*How to complete this task*. Can you copy out the data exactly? Leave the images out.

___ Data ___

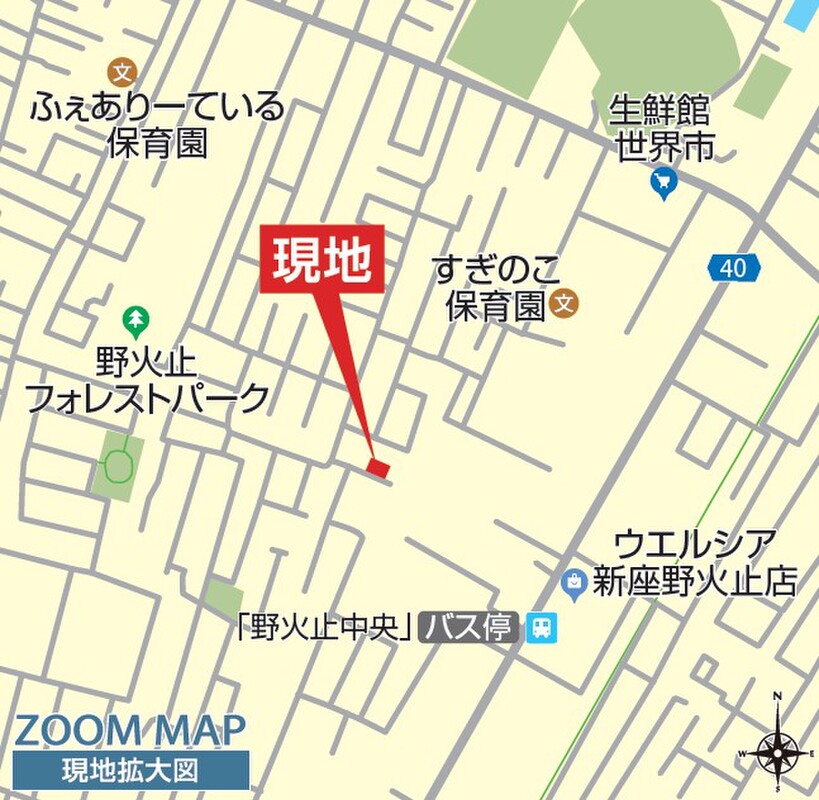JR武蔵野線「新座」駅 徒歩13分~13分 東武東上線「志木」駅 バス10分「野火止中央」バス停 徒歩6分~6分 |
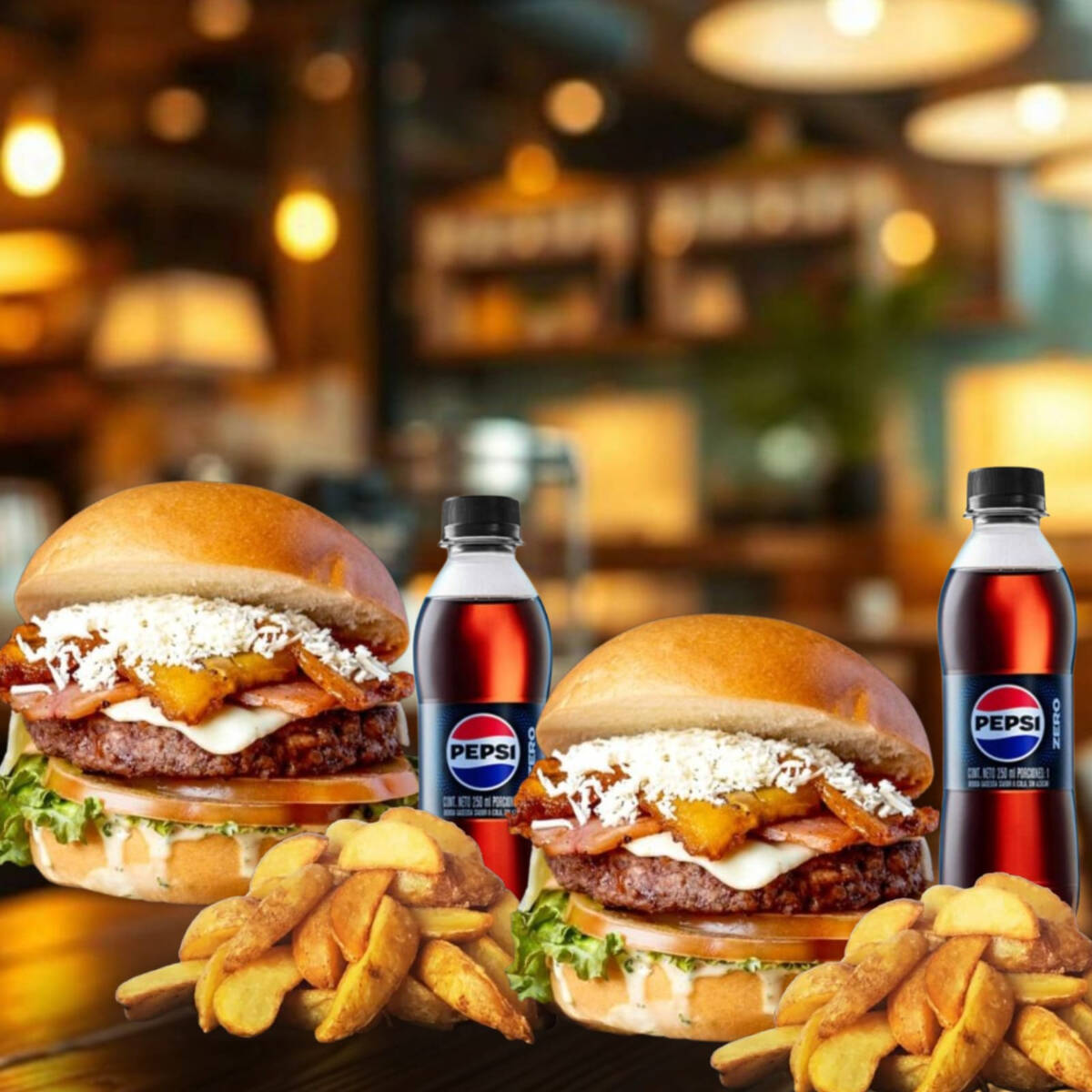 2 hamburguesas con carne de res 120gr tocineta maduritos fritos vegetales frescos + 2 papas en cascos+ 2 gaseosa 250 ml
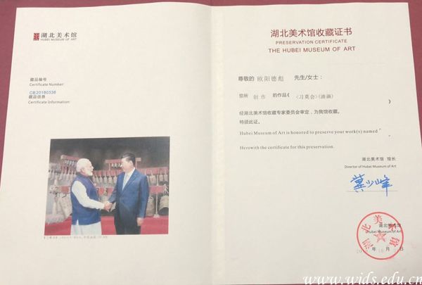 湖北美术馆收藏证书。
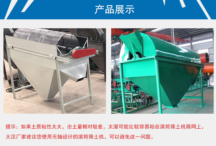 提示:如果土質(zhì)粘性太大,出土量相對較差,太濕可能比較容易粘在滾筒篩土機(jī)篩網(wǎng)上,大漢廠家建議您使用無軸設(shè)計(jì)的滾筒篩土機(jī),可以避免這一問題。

___

*Reply to the task*.
JR武蔵野線「新座」駅 徒歩13分~13分 東武東上線「志木」駅 バス10分「野火止中央」バス停 徒歩6分~6分 |
 2 hamburguesas con carne de res 120gr tocineta maduritos fritos vegetales frescos + 2 papas en cascos+ 2 gaseosa 250 ml
 湖北美术馆收藏证书。
 提示:如果土質(zhì)粘性太大,出土量相對較差,太濕可能比較容易粘在滾筒篩土機(jī)篩網(wǎng)上,大漢廠家建議您使用無軸設(shè)計(jì)的滾筒篩土機(jī),可以避免這一問題。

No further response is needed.